■ Dataset section:
Segment Open
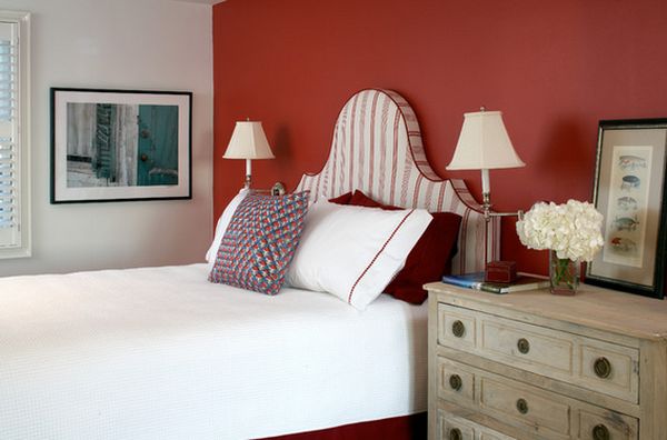 Посмотреть в галерееКрасный, белый и синий вместе взятые идеально подходят для создания декора в морской тематикеБлокировка цвета: Несмотря на то, что красный сам по себе является очень сильным цветом, сочетание его с другим ярким оттенком может привести к очень гармоничный вид для вашей спальни. Если два цвета чем-то похожи, например красный и фиолетовый, то эффект будет очень красивым. Вы также можете сочетать красный с оранжевым.
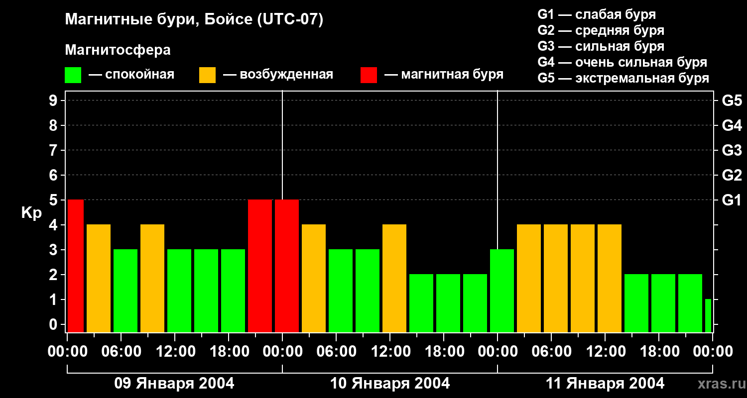 Изменения геомагнитного индекса Kp с 9 по 11 января 2004 года для средних широт
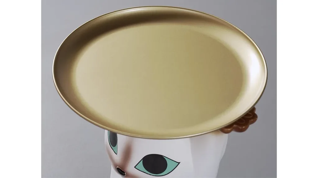 猫が支える天板には、“日常を支える”というさりげないメッセージも込められているよう。贈り物として、センスの光る一品です。
Segment Closed
In the listing, find the line containing "Изменения геомагнитного индекса" and repeat it and every later line through the last one, word for word, excluding the pictures.

■ Result of this exercise:
 Изменения геомагнитного индекса Kp с 9 по 11 января 2004 года для средних широт
 猫が支える天板には、“日常を支える”というさりげないメッセージも込められているよう。贈り物として、センスの光る一品です。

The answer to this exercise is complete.